Recent studies on spectroscopic and transport properties concerning the semiconductor-metal (SM) transition in Ba 1 − x K x BiO 3 (BKBO) and BaPb x Bi 1 − x O 3 (BPBO) are reviewed. For a three-dimensional Peierls semiconductor, BaBiO3(BBO), direct-exciton excitations correspond to the big optical response at 1.85 eV, while indirect exciton excitations reproduce a weak absorption at infrared region. When holes are doped for semiconducting single crystalline BKBO at room temperature, an infrared-absorption band has been observed centered at 0.85 eV below the big optical absorption at 1.85 eV. The new band is assigned to a transition from the lower-Peierls band to a state of the small bipolaronic point defect.
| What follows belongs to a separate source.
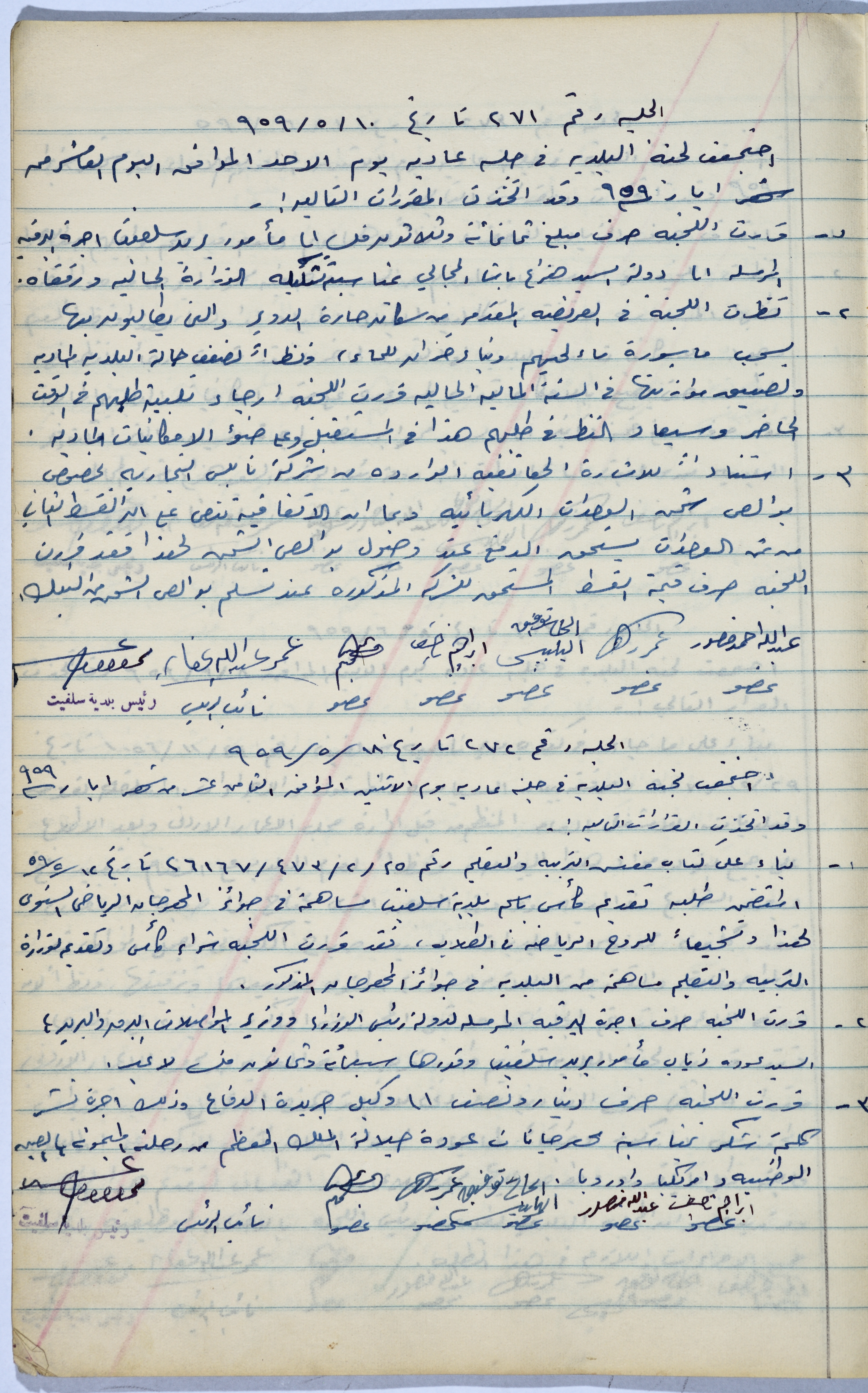 Handwritten on 10 and 18 May 1959, this document shows the minutes of sessions No. 271 and 272, convened by the Salfit Municipal Committee on these dates. During these sessions, the Committee made several decisions, including rejecting the application submitted by the residents of the ad-Dour neighbourhood for the construction of a water cistern and the extension of water pipelines to the neighbourhood, purchasing and presenting a decorative goblet to the Ministry of Education as a contribution from the Municipality in the sports festival, and disbursing the sum of one and a half dinars to the agent of ad-Difaa Newspaper for publishing a statement expressing gratitude on the occasion of the return of Hussein bil Talal, King of Jordan, from overseas.

With substituting K for Ba, doped holes form small bipolaron defects so that the semiconducting region extends in a wide region. At high temperatures up to 400 K, furthermore, a new excitation appears due to intraband optical excitations of small polarons for electrons and holes, which are thermally created across the indirect gap. The small polaron conductivity has a peak at twice the small-polaron binding energy. Temperature dependence of dc conductivity, thermoelectric power, and magnetic susceptibility is interpreted by excitations of small polarons of electrons and holes. The CDW amplitude, or the Szigeti-effective-charge difference between inequivalent Bi sites, which is estimated from the oscillator strength of the disproportionation mode, tends to go to zero as K or Pb content goes to a critical concentration of the SM transition.